Stored entries:
——————

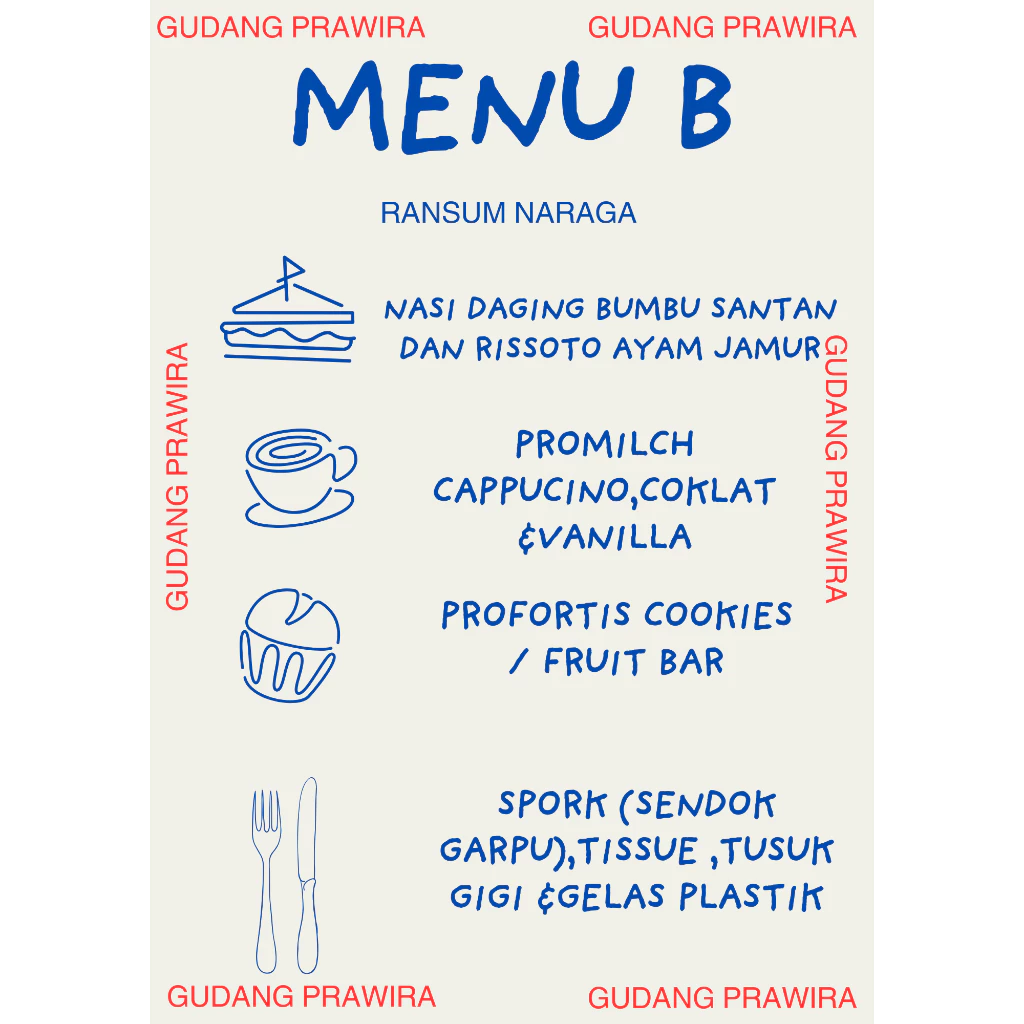 | MTP 3 | 1. Nasi Ayam Bumbu Rujak, Nasi Bali Daging dan Nasi Otak-Otak Ikan. 2. Suplus Rasa Vanila dan Strawberry. 3. Triplus Rasa Mangga. 4. Vitplus RSasa Strawberry. 5. E-plus Rasa Coklat. 6. Kitplus Rasa Vanila. |
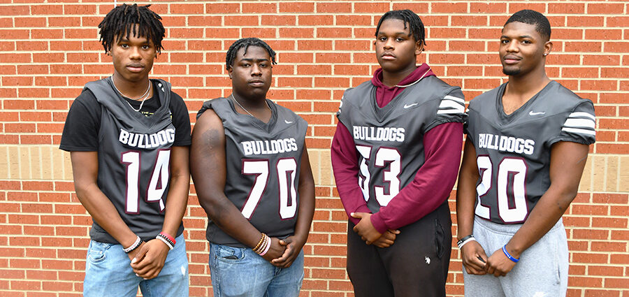 The Jefferson Bulldogs were well represented on the District 6-3A Second Team roster. From left, senior Hasheem Ector, Second Team Defensive Backs; senior Devonta Waites, Second Team Defensive Lineman; senior Jacobie Goynes, Second Team Offensive Lineman; and senior Datravion Smith, Second Team Linebacker. Not pictured are sophomore Chris Love, Second Team Receiver; junior Travis Harris, Jr., Second Team Defensive Lineman; and senior Steve Washington, Second Team Linebacker.
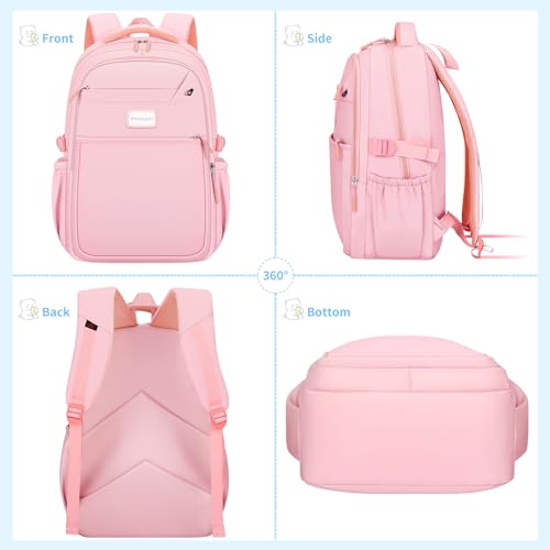[Good Quality]: This well designed and perfectly-sized kids backpack has all the features you want in a backpack: pretty color, sturdy fabric, quality zippers and padded straps. With the sturdy material and reinforced stitching, you can safely and reliably carry on everything. This a good choice for a lightweight college backpack with many pockets to keep your items. Age: over 6 years old.
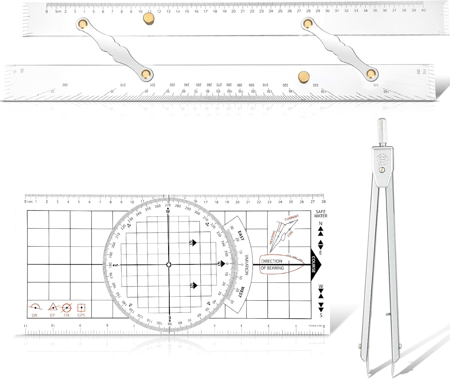 • Comprehensive Navigation Kit: this basic navigation set includes 1 marine nautical protractor, 1 piece of 16 inch marine parallel ruler, and 1 piece of 6 inch marine navigation fixed point divider; A comprehensive package for all your navigation tasks
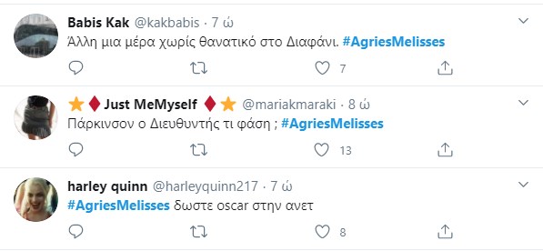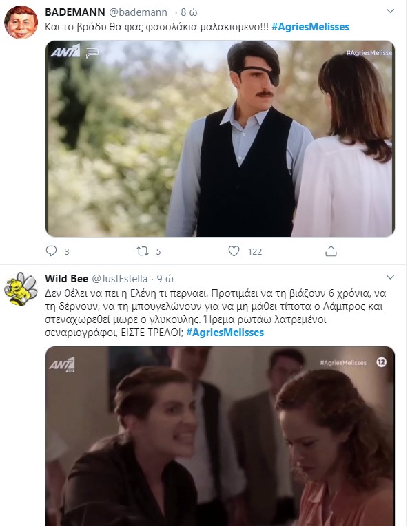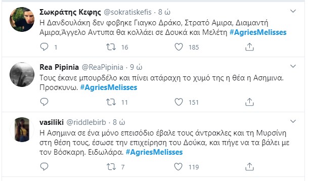 Κάθε βράδυ γίνεται χαμός στοTwitter με το επεισόδιο των “Άγριων Μελισσών“. Με χιούμορ και ευρηματικότητα σχολίασαν τις χθεσινές εξελίξεις. Ενώ ο “Γιάγκος Δράκος” μπήκε και αυτός στο κάδρο των σχολίων λόγω της… Ανέτ. Χθες είδαμε τον Νικηφόρο να παλεύει να αντιμετωπίσει την απεργία των εργατών. Σε αυτή του την προσπάθεια τον βοηθούν η Ασημίνα και η Ανέτ. Ο Λάμπρος αρνείται να δεχτεί τον Νικηφόρο στον Συνεταιρισμό, σεβόμενος την απόφαση των υπόλοιπων μελών. Η Μυρσίνη μαθαίνει πως ο Δούκας ζήτησε να την δει και, παρά τον φόβο της, είναι αποφασισμένη να πάει για να του εξηγήσει. Ο Νέστορας παλεύει με τις τύψεις του και η Βιολέτα απελπίζεται με την κατάσταση του Μιλτιάδη που χειροτερεύει. Μαζί με τον Λάμπρο, θα πρέπει να πάρουν αποφάσεις σχετικά με το μέλλον και τη θεραπεία του Μιλτιάδη. Η Δρόσω δείχνει ενδιαφέρον για την πρόταση συνεργασίας του Τάκη για να γίνει τραγουδίστρια παρότι ο κύριος Ανέστης την αποτρέπει από μια τέτοια εργασία. Η Ελένη βρίσκεται αντιμέτωπη με τη συγκρατούμενή της Χατζίδου, ενώ ο Βόσκαρης συνεχίζει το παιχνίδι του μαζί της αλλά η Ελένη έχει αρχίσει να τον υποψιάζεται.

——————

**WHAT YOU WILL DO:** Although the records above contain pictures, the copy should not; retype exactly the lines from the one containing "The Jefferson Bulldogs" through the one containing "your navigation tasks".

**RESULT:**
 The Jefferson Bulldogs were well represented on the District 6-3A Second Team roster. From left, senior Hasheem Ector, Second Team Defensive Backs; senior Devonta Waites, Second Team Defensive Lineman; senior Jacobie Goynes, Second Team Offensive Lineman; and senior Datravion Smith, Second Team Linebacker. Not pictured are sophomore Chris Love, Second Team Receiver; junior Travis Harris, Jr., Second Team Defensive Lineman; and senior Steve Washington, Second Team Linebacker.
[Good Quality]: This well designed and perfectly-sized kids backpack has all the features you want in a backpack: pretty color, sturdy fabric, quality zippers and padded straps. With the sturdy material and reinforced stitching, you can safely and reliably carry on everything. This a good choice for a lightweight college backpack with many pockets to keep your items. Age: over 6 years old.
 • Comprehensive Navigation Kit: this basic navigation set includes 1 marine nautical protractor, 1 piece of 16 inch marine parallel ruler, and 1 piece of 6 inch marine navigation fixed point divider; A comprehensive package for all your navigation tasks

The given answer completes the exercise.